**** SOURCE DATA

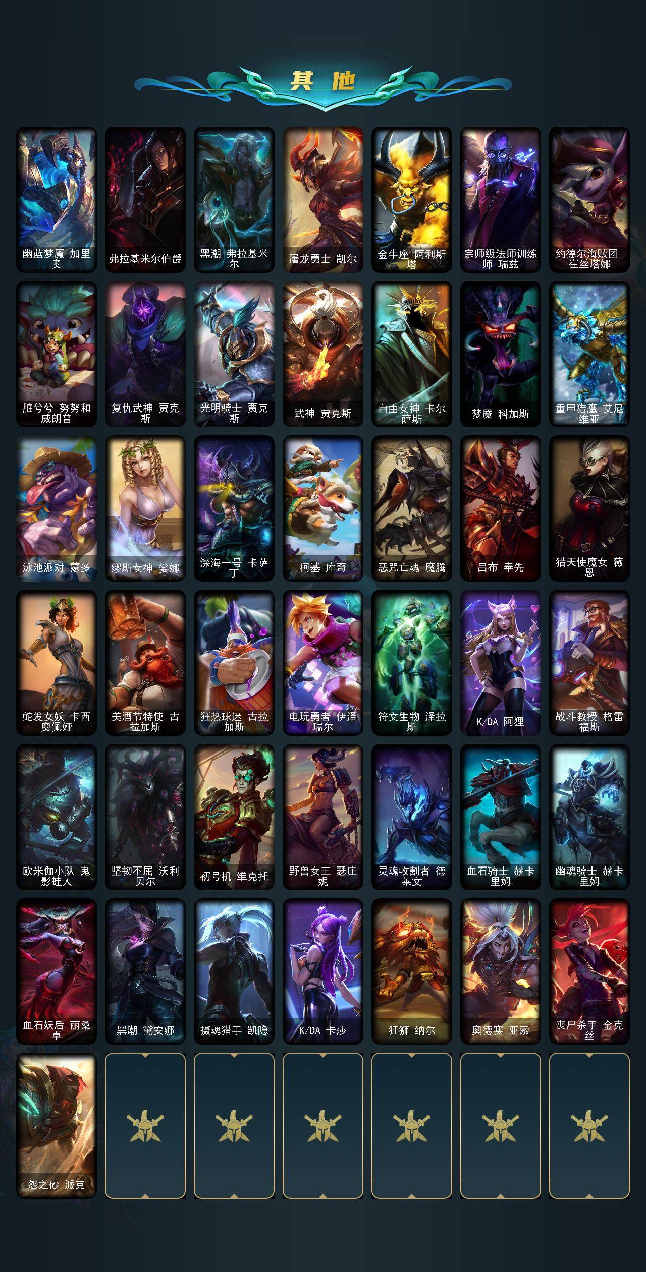 【LDC2181】160英雄/114皮肤/2神话/17限定/1臻彩/14炫彩/18传说/29史诗/未定级/冠军掠夺者卡兹克凯旋圣装/冰雪风暴希维尔/圣诞驯鹿克格莫/冰雪节玛尔扎哈/冰雪兽纳尔/十周年纪念安妮/源代码乐芙兰/冠军掠夺者卡兹克/SSW泰隆/SKTT1奥拉夫/SKTT1辛德拉/EDG佐伊/胜利之王泰达米尔/胜利女神菲奥娜/南瓜头费德提克/暗影沃里克/都铎王朝图奇/征服者韦鲁斯/防暴士兵辛吉德/防暴天使凯尔/铁哥们儿奥拉夫/地狱之门卫士加里奥/战地机甲厄加特/邪鸦魅影乐芙兰/战场女武神凯
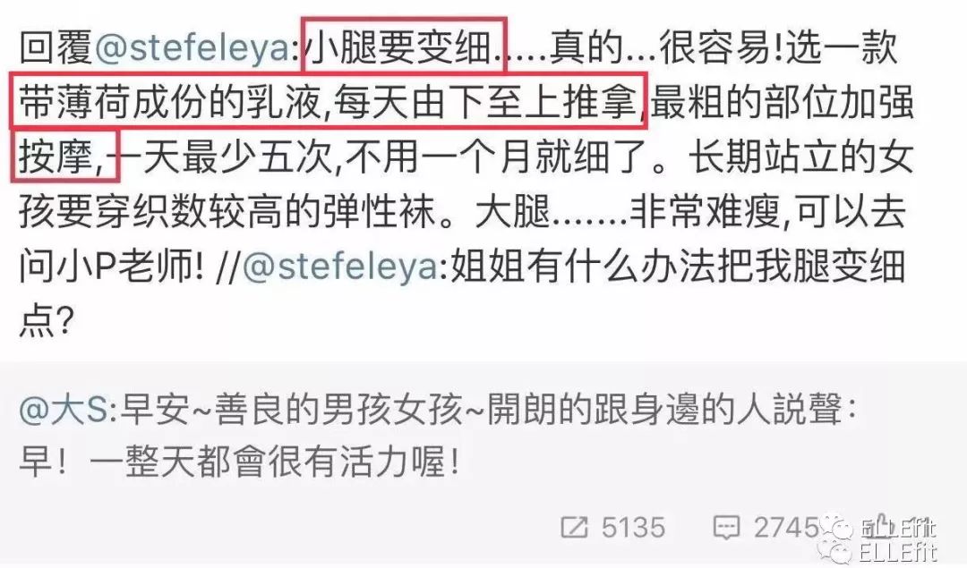 不光是小S,姐姐大S也非常喜欢按摩小腿,曾经在微博上回复粉丝可以用带薄荷成分的乳液每天进行推拿。
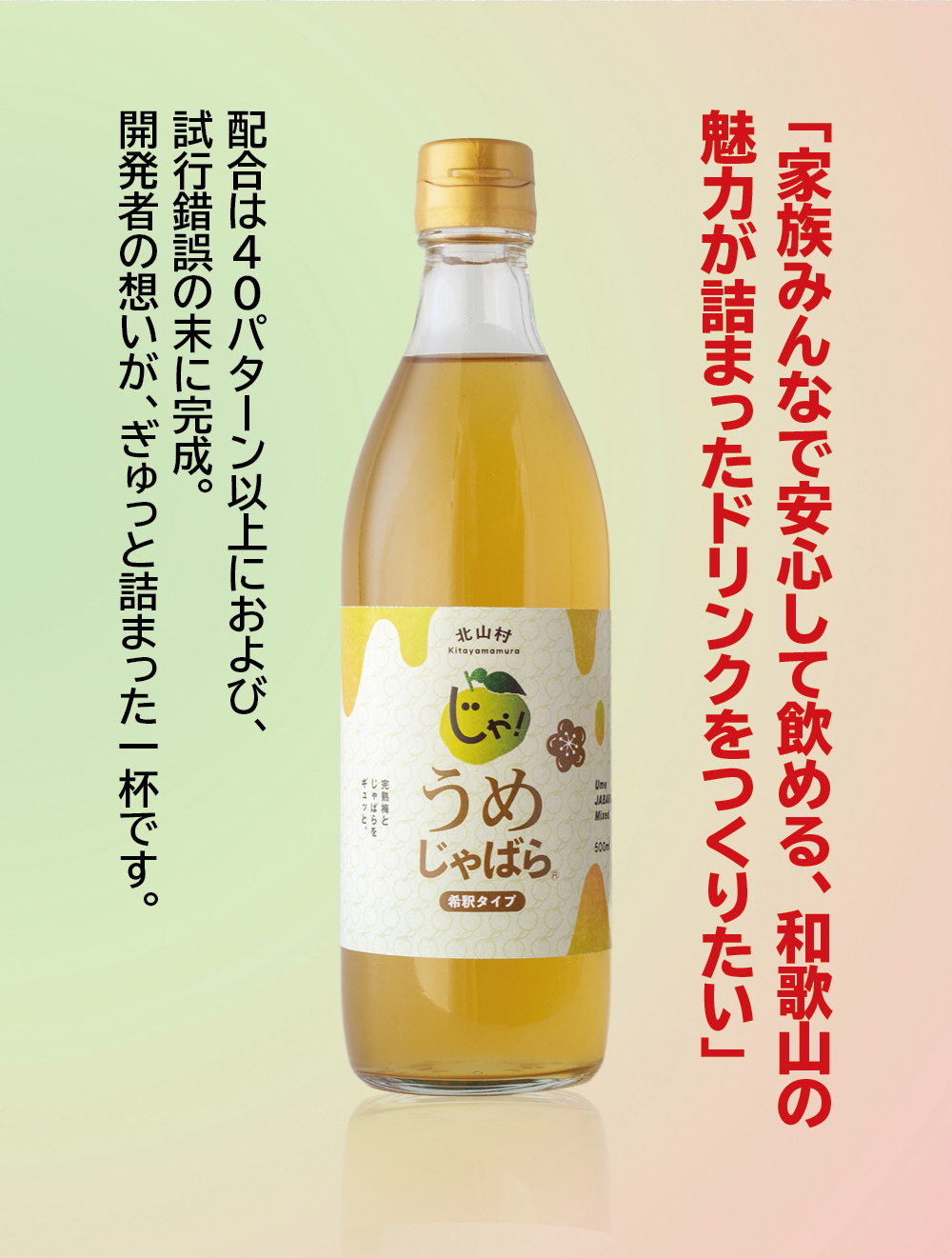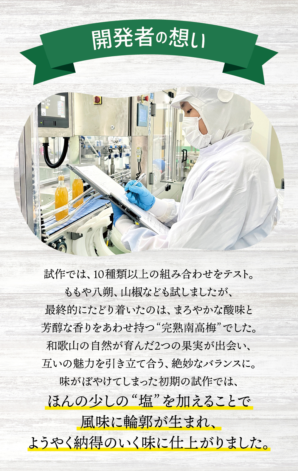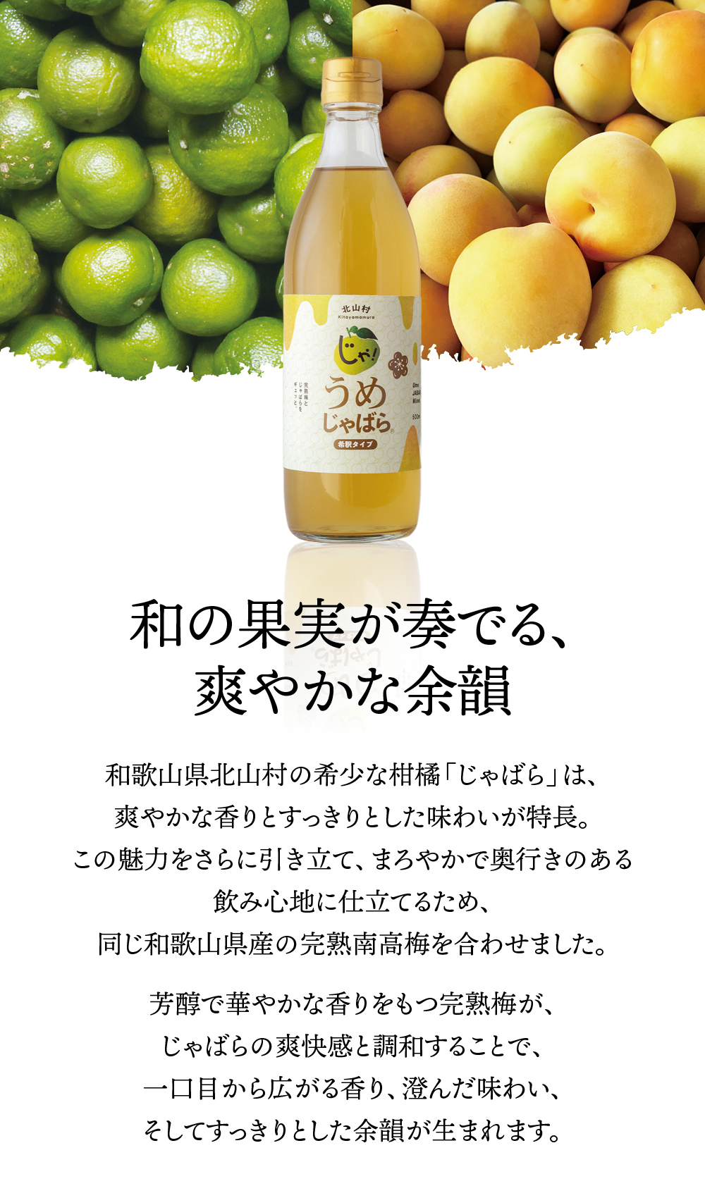 「完熟南高梅×じゃばら」 これまでの梅ジュースとはひと味違う、フルーティーで上品な味わい。厳選した完熟梅のまろやかな味わいに、じゃばらの香りがすっと抜ける。芳醇な香りと澄んだ味わいが、口の中で心地よく広がります。

********

An exact copy of the listing above, minus its pictures, is what is needed here.

 【LDC2181】160英雄/114皮肤/2神话/17限定/1臻彩/14炫彩/18传说/29史诗/未定级/冠军掠夺者卡兹克凯旋圣装/冰雪风暴希维尔/圣诞驯鹿克格莫/冰雪节玛尔扎哈/冰雪兽纳尔/十周年纪念安妮/源代码乐芙兰/冠军掠夺者卡兹克/SSW泰隆/SKTT1奥拉夫/SKTT1辛德拉/EDG佐伊/胜利之王泰达米尔/胜利女神菲奥娜/南瓜头费德提克/暗影沃里克/都铎王朝图奇/征服者韦鲁斯/防暴士兵辛吉德/防暴天使凯尔/铁哥们儿奥拉夫/地狱之门卫士加里奥/战地机甲厄加特/邪鸦魅影乐芙兰/战场女武神凯
 不光是小S,姐姐大S也非常喜欢按摩小腿,曾经在微博上回复粉丝可以用带薄荷成分的乳液每天进行推拿。
 「完熟南高梅×じゃばら」 これまでの梅ジュースとはひと味違う、フルーティーで上品な味わい。厳選した完熟梅のまろやかな味わいに、じゃばらの香りがすっと抜ける。芳醇な香りと澄んだ味わいが、口の中で心地よく広がります。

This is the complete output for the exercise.